[ 8.Applications of GNNs ]
( 참고 : CS224W: Machine Learning with Graphs )
Contents
- 8-1. Review
- 8-2. Graph Augmentation for GNNs (Intro)
- 8-3. Graph FEATURE Augmentation
- 8-4. Graph STRUCTURE Augmentation
- 8-5. Prediction with GNNs
- 8-6. Training GNNs
- 8-7. Examples
8-1. Review
becareful of adding GNN layers!
\(\rightarrow\) OVER-SMOOTHING problem
then…how to make expressivity with small GNN layers?

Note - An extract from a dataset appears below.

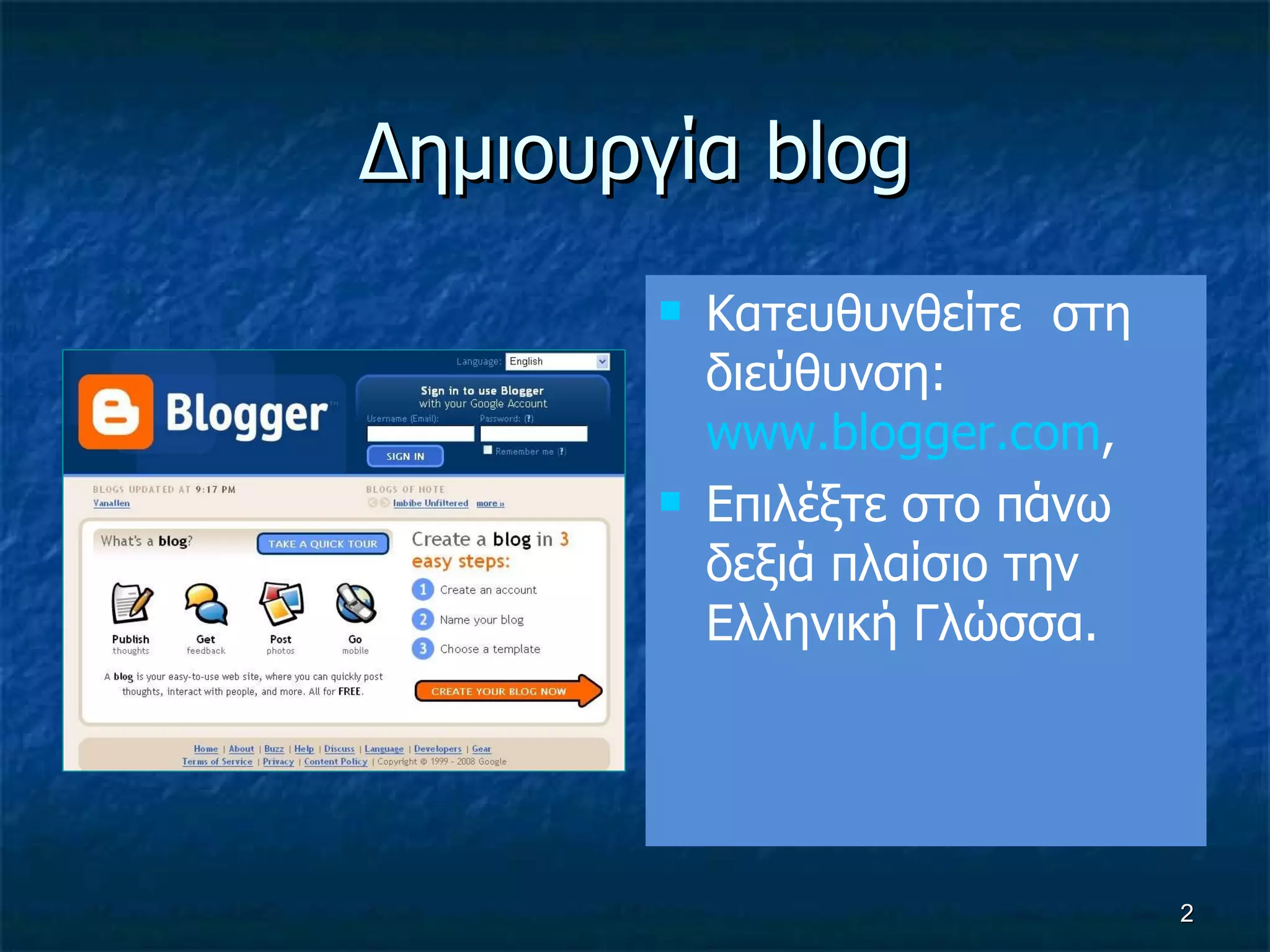 Δημιουργία blogΚατευθυνθείτε στη διεύθυνση: www.blogger.com , Επιλέξτε στο πάνω δεξιά πλαίσιο την Ελληνική Γλώσσα.

- solution 1) Increase the expressive power within each GNN layer
- solution 2) Add layers that do not pass messages
- solution 3) (to use more layers…) use skip-connections
8-2. Graph Augmentation for GNNs (Intro)
raw input graph = computation graph?
\(\rightarrow\) let’s break this assumption!
Reason :
- 1) lack of features
- 2) problems of graph structure
- too sparse \(\rightarrow\) inefficient message passing
- too dense \(\rightarrow\) message passing too costly
- too large \(\rightarrow\) can’t fit graph into a GPU
so…why not use augmentation techniques?
- 1) graph FEATURE augmentation
- to solve “lack of features”
- 2) graph STRUCTURE augmentation
- to solve “problems of graph structure”
- too sparse \(\rightarrow\) add virtual nodes
- too dense \(\rightarrow\) sample neighbors, when message passing
- too large\(\rightarrow\) sample subgraphs
- to solve “problems of graph structure”
8-3. Graph FEATURE Augmentation
Why?
(1) Reason 1 : input graphs does not have node features
( only have adjacency matrix )
Approach 1 : assign “constant values” to nodes
Approach 2 : assign “unique IDS” to nodes
- convert into one-hot vectors
(2) Reason 2 : Certain structures are hard to learn by GNN
example : cycle count feature
- do not know which “length of a cycle” that certain node lives in!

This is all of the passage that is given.